Yukio Mishima: Thymos Between Aesthetics and Ideological Fanaticism

Rodica Frentiu


This study attempts to explore the possible motivations, both obvious and problematic, behind the ritual suicide (seppuku) committed by the Japanese writer in the name of the Emperor at the Eastern Headquarters of Japan’s Self-Defense Forces in 1970. History does not seem to be a coherent or intelligible process, as man’s struggle for nourishment is most often replaced by thymos, the desire for others to recognize his value or the value system of the ideals or noble purposes he is ready to sacrifice for, ignoring the basic instinct of self-conservation. Yukio Mishima was extremely pessimistic about pragmatic and materialistic contemporary Japan. History brought along increasing consumerism, thus disturbing the harmony of traditional Japanese spirituality. The technological ability to improve human existence seemed to alter inevitably the moral evolution of contemporary Japanese.

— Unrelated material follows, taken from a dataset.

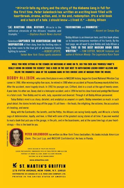For the first time, Miracle presents the full story of NASCAR legend Bobby Allison and the Alabama Gang--written with the corporation of the Allisons. While you were sitting in the stands or watching at home on TV, did you ever ask yourself what's really going on behind the scenes? Take a ride on the seat next to auto-racing legend Bobby Allison and relive the dramatic saga of the Alabama Gang in this unique look at NASCAR from the inside. Bobby Allison, who ranks fourth in wins in NASCAR history, began his Grand National/Winston Cup career in 1966. After winning eighty-five races, he retired in 1988 when an accident at Pocono Raceway nearly killed him. He was severely brain injured, and it took him a full fifteen years to recover. After the accident, more tragedy struck. In 1992 his younger son, Clifford, died in a crash at the age of twenty-seven. A year later, his other son, Davey, died in a helicopter accident, and in 1994 he lost his close friend and protégé Neil Bonnet in a fatal crash. Then Bobby and his wife, Judy, separated and divorced. Through it all Bobby Allison persevered. Today Bobby's mind is as sharp, detailed, and analytical as anyone's in sports. Bobby remembers so much, in such great detail, the stories he tells leap off the page. It's all there--the feuds, the infighting, the victories, the accusations of cheating, and worse. Incredibly, Bobby, the poster boy for hard work, honesty, and integrity, holds nothing back, even when it reflects poorly on him. "It happened, and there's nothing I can do about that," is what he says. The result is raw racing history. Along with the Earnhardts, the Jarretts, and the Pettys, the Allisons are racing family royalty, and Miracle, a family saga of determination, loyalty, and love, is filled with some of the greatest racing stories of all time. If you ever wanted to read a book that puts you in the garage, in the pits, and in the boardrooms, and at the same time tugs at your heartstrings--this is the book for you.

Against this background of ruling “costs” and “benefits”, the Japanese writer seems to believe that it is only the thymotic man, the “man of anger”, who can fight for the recognition and salvation of the Japanese soul (yamato damashii). Believed for centuries to be the true art of dying, Yukio Mishima’s seppuku turned from a “beautiful” gesture into one of protest and accusation: the Japanese society had begun the transition from a closed society to an open one, governed by anxiety, in which individuals faced personal decisions.


thymos (desire for recognition); seppuku (ritual suicide); aesthetics; ideology; bushido (the samurai code)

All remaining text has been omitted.